A Question From Reader James Davis:

Ok I fully understand the mechanical aspect of old bindings, but what about the skis underneath? I have several pair of older skis in excellent visual condition that I like to use occasionally. How many times is it safe to put on new bindings?

Response from Dave Irons, long-time Ski Journalist, Ski Patrolman, And Venerable 

This is an interesting question.  There are so many variables there can be no definite answer.  In my pro patrol days, (120 days or more each season) my skis usually looked fine at the end of the season, but I got rid of them bindings and all.  They had been tuned so many times, there was little left of the edges and when skis are flexing, the fiberglass is actually breaking. By spring, these skis were noodles. Fortunately, I always had a ski company or shop to furnish new skis each year.  My concern with mounting new bindings would be how many times new holes would need to be drilled. This would be a question for the ski shop mechanic as each situation would have to be evaluated separately. James, take the skis to the shop. They will also know what binding would work best with the fewest new holes


  1. I am now just learning that my bindings that are more than five years old should be replaced on a pair of powder skis that have only been drilled once. These aren’t my everyday skis as they are used only during pillow light conditions here in Utah. (No, we don’t have powder every day.) Some manufactures allow for a longer window, but the ones I have need to be changed now. Lesson learned: Have a shop check the expiration date on any bindings you depend on that are more than five years old and consider the consequences if they are not replaced.

  2. Richard Kavey says:

    I don’t agree that a binding should be replaced after a set number of years. Factors such as the number of days on a bindings, the quality of the binding and advances in binding technology (e.g. Knee Binding) are all considerations. I have many sets of skis and bindings in my quiver – some much more than 5 years old that work perfectly well. Also, skis used for powder skiing put less stress on a binding than pounding through a rutted race course or high speed large radius turns on a icy, chattery surface.

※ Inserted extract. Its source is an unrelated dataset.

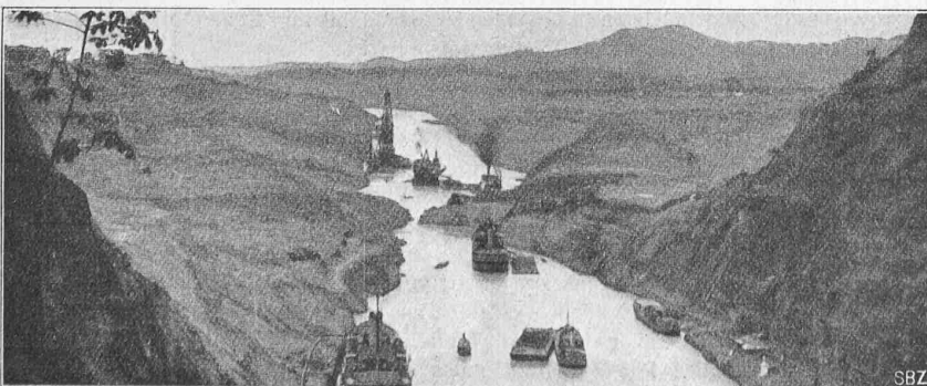
Abb. 3 wie Abb. 2, aber im August 1915, mit beidseitigen Rutschungen.

Der erste „Bruch“ im Culebra-Gebiet wurde im Jahre 1907 beobachtet. In rascher Aufeinanderfolge ereigneten sich dann Ende 1910 zwei weitere Brüche, die die Arbeiten ernstlich störten. Als Vorbeugungsmassregel gegen eine Wiederholung derartiger Vorfälle wurde nach Prüfung durch einen Geologen eine Entlastung der tieferen Schichten unter den beidseitigen Böschungen durch teilweises Abtragen der überlagerten Erdmassen beschlossen. Im Kurvenplan Abbildung 1 gibt die vollausgezogene Linie die äusserste Grenze, bis zu der nach Ansicht des Geologen Rutschungen zu befürchten waren, die gestrichelte Linie die bei der Abtragung von den Dampfschaukeln erreichte Grenze. Dieser Aushub erfolgte

If you have questions as to how your binding is functioning, take it to a shop and have it DIN tested. And, never, ever put your skis on an open car roof rack to be salt and grit blasted.

  3. Chris Stannnard says:

    I hate to disagree with James and I am sure that, when skis have been as hard used as his are, he is wise to replace them. But he is wrong about fibre glass in general. The way it works is that the glass fibre provides the strength and the resin holds it together and allows the structure to flex. When designing skis I am sure the designers will allow for the flex without the structure being damaged in ordinary circumstances and that is before you remember the wood or Titanium core. Thus in normal circumstances skis should not be damaged by use within their design limits. However like us, age will catch up with all structures and skis are no different.
    For a normal skier, skiing 40 or so days a year if you are lucky and stopping for lunch etc it will take you some years to match James hours. The only reason I changes my skis recently was that at 80 my old skis were a bit to demanding. My grandson (17) grabbed them with glee and says they are still amazing although they are five years old.

  4. “How many times is safe to put on new bindings?”
    As much as you want… until the skis break. 1 – It is not recommended to drill new holes too close to the old ones (at least 5-7 mm away). 2 – Filling in the old holes with epoxy mixed with chopped glass fibers is way better for the core durability than using plugs made of ABS plastic. 3 – Ski bindings life is limited by decisions of the manufacturers. Every year certified ski services obtain a copy of Binding Liability Indemnification, which includes a list of indemnified bindings. Typically bindings older than 10 years are not in the list. They may work well for many years, but the legitimate service will not touch them. Some services may agree to do the release test for you in case you sign a waiver. 4 – Skis technically have no life limit. Keep checking them for major cracks in edges or/and a sidewall (which can be a sign of a broken core). Most ski issues can be repaired, it is a question of money, time, knowledge, and skills. Though as with TVs, computers, or shoes, people prefer to buy something new rather than to invest in repair of the old stuff. Many skiers will buy new skis only because they think the construction or the graphic design isn’t cool anymore. P.S. Here is an example of Atomic/Salomon/Armada… 2019-2020.

    • More on the “indemlist” – my understanding is that 10 or 6 years of age is not the only reason for manufacturers to take a particular model off the list. They may have other reasons (defects, returns, high level of accidents) which they do not disclose. So age is just a number, not a reason:))

  5. Greetings from Australia

    I have put new bindings on my Fischer skis this month. My shop asserted a noise was produced when tightening the toe piece.

    Am interested in a previous comment about DIN.

    Welcome any clarification.

    • Did they mean noise while adjusting your DIN setting on your NEW bindings from 2019/2020? If yes, what sort of noise? Clicks? Or did they mean the mounting screws? Can you please elaborate on your question “about DIN”. Regards.